Thanks for the stories, Push. I too have appreciated some pathetically hillarious codes and such being run although i'm only an M3. My paramedic background sometime tells me that it is a lot easier to just shake your head, eave the room and laugh instead of crying at the sadness of in-hospital arrests. Here is to someone someday somehow getting a clue about the phrase "too many cooks in the kitchen" and simply getting an ER resident with solid ACLS knowledge together with 2 techs, 1 for compression and 1 for pushing drugs. Without a randomized double blinded study, my money would be on resuscitation rates going way up. Though the comical side of things would be nearly non-existent.
 
To show how it really doesn't take a lot to run a code. I transported a code to the ED that was near capacity and the ED doc in the resus room turns to the medical student and says "could you let the charge nurse know I have no nurses" then procedes to finish the code with about four or five paramedic students without a flaw.
 
Oh lord, don't get me started on the Code Blue!

The last code I went to was a party involving at least 30 people crammed into a hospital room the size of a smallish postage stamp. I know for a fact that I stepped on 8 of them on the way to head of the bed. 2 RTs, a paramedic from the ER, and a wandering IM doc from the clinic down the hall were all there and this poor overdosed soul was still missing a secured airway.

Someone above mentioned the clammoring for an IV? That is just what was going on here.

Why does everyone and their dog have to show up to a code? Why is it that the bedside nurse (who should know what is going on with the patient) always the last one to show up?

I asked around afterward and found out that they have Code Blue Team Meetings once a month to review performance! What a freaking joke...

LM
 
Back in the old days 'in the home country', the code team consisted of a senior anesthesia resident, 2 ICU nurses and the hospital security guard. These people carried in-house voice pagers and where the only ones to be notified if a code occured (I don't even think hospitals had overhead paging systems).

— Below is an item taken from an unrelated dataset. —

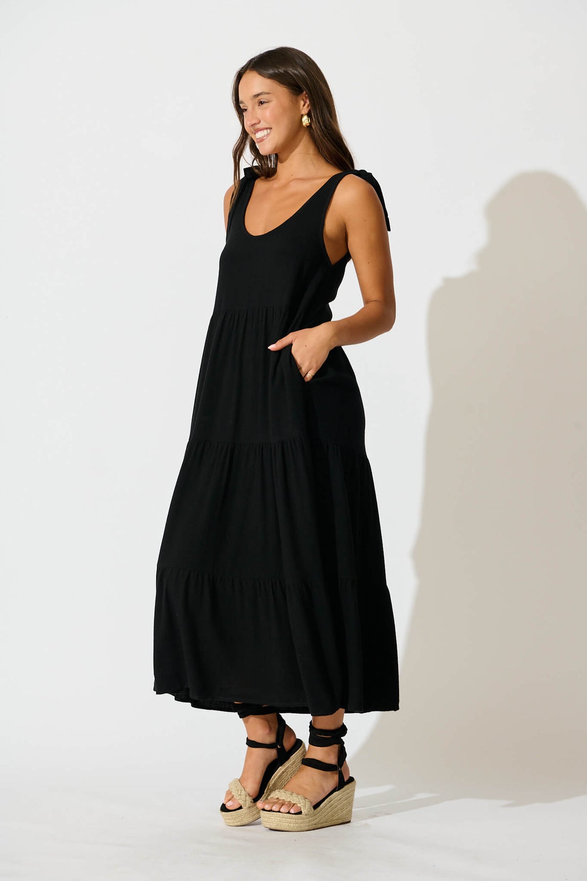 Our Estefani Maxi Sundress is comfortable, simple and fashionable! Features a adjustable tie shoulder, twin side pockets and tiered skirting. Pair with a cute pair of heel sandals, gold accessories and a cute clutch bag.

The doc and the nurses where there to run the code, the security guard to keep the riff-raff out of the room. If the patient was just dead, they would call it after 15min, if they got a rythm they would wheel the victim to the ICU.
 
I've seen a lot of great codes run by very competent code teams (some even by internists.) Often, these in-hospital arrests were successfully resuscitated and went on to have normal lives. Most of the really great flails I've seen have been traumatic arrests losing vitals enroute! But hey, what's a little blood on the ceiling?

My personal favorite thing to see at a code is to see someone bagging without the BVM actually touching the patient.
 
I've seen a lot of great codes run by very competent code teams (some even by internists.)
Please don't flame him. He didn't really mean that the way it sounded. And it is the EM forum so we should get a little leeway.

Remember that the most important thing the ED doc can do at a code is assume liability from the nursing staff, hospital and primary doc. That sentiment is confirmed by the fact that at every code no nurse knows the patient, the primary nurse is off documenting how everything was just peachy until right when the code was called (why is there lividity? Smack! Bad doctor!).